Vectorize your code¶
There are at least two situations when you apply same ffmpeg filters to a set of
streams. First is adaptive streaming for internet video (which requires a number
of files with same content and different bitrate); second one is linear editing
(parts of video are cut from source and concatenated together to form new video
sequence). Maybe there are more, and fffw
provides a way to handle stream
vector transformations.
SIMD Wrapper¶
To use SIMD
helper you’ll need to
initialize input file with streams (including meta). This is used to track
changes applied to input streams. Also, SIMD
requires a list of outputs
including codecs to be able to connect input streams to corresponding outputs.
mi = MediaInfo.parse('input.mp4')
video_meta, audio_meta = from_media_info(mi)
video = Stream(VIDEO, video_meta)
audio = Stream(AUDIO, audio_meta)
source = input_file('input.mp4', video, audio)

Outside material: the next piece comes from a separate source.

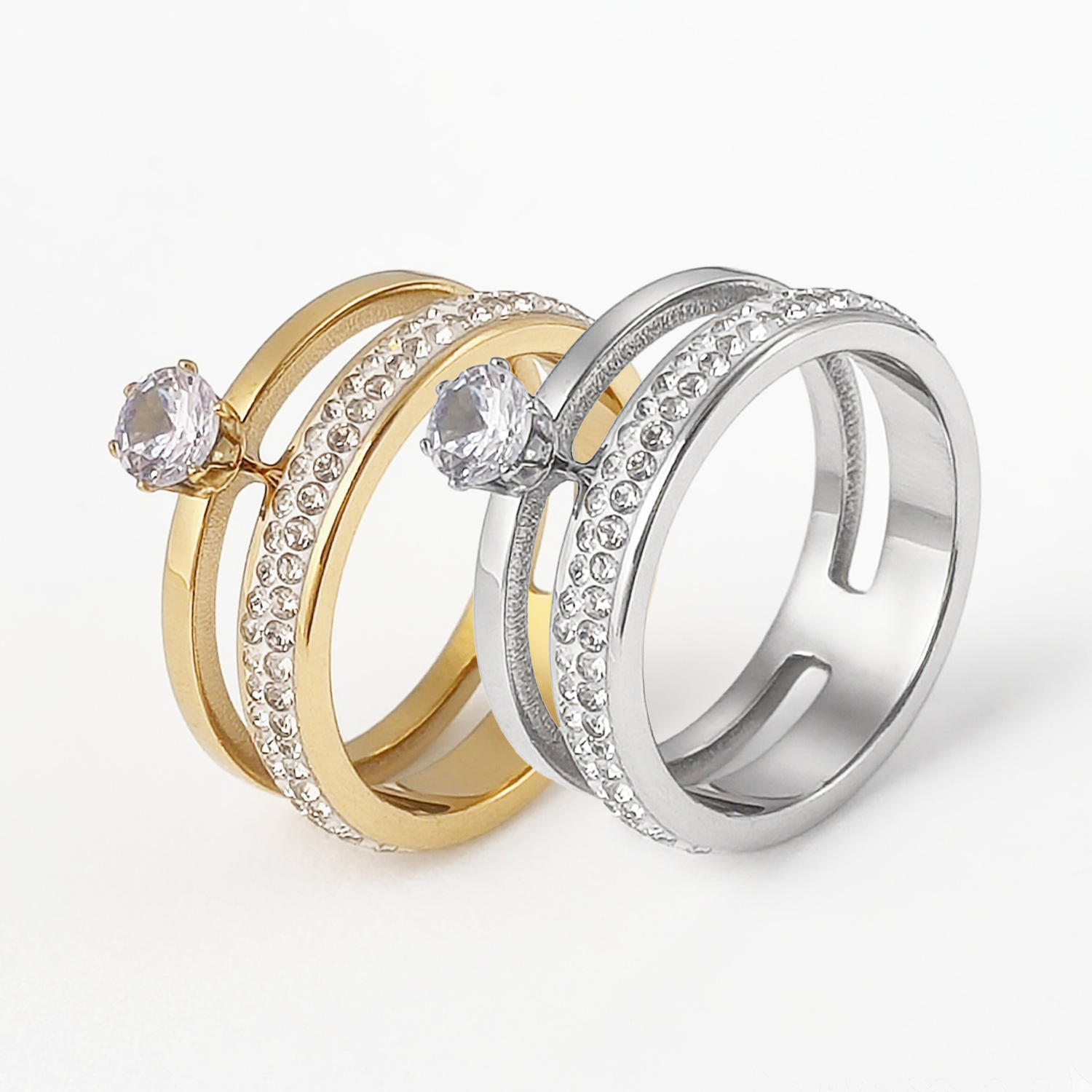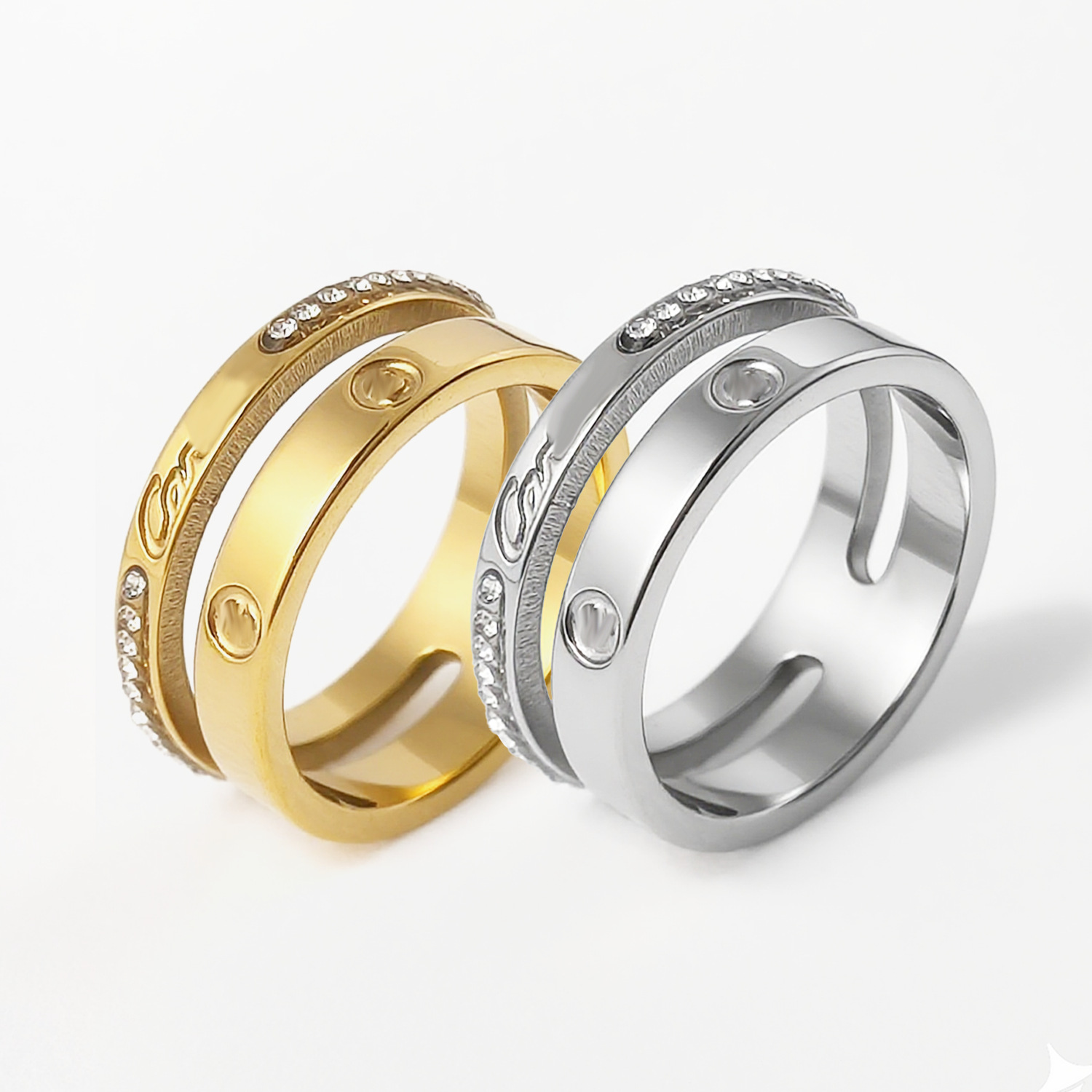 欧美跨境卡家钛钢戒指不掉色饰品镶钻排钻指环时尚手饰首饰配件

output1 = output_file('output1.mp4',
VideoCodec('libx264'),
AudioCodec('aac'))
output2 = output_file('output2.mp5',
VideoCodec('libx265'),
AudioCodec('libfdk_aac'))
simd = SIMD(source, output1, output2)
Apply filters¶
The easiest way to apply a filter to a stream vector is to pass it to “pipeline
operator” (|
):
cursor = self.simd | Volume(30)
If a vector has only one element (i.e. input stream itself), no preliminary
splitting occurs. Split
filter is added automatically if applied filter
vector contains distinct elements, like a filter with different parameters:
simd.connect(Scale, params=[(1920, 1080), (1280, 720)])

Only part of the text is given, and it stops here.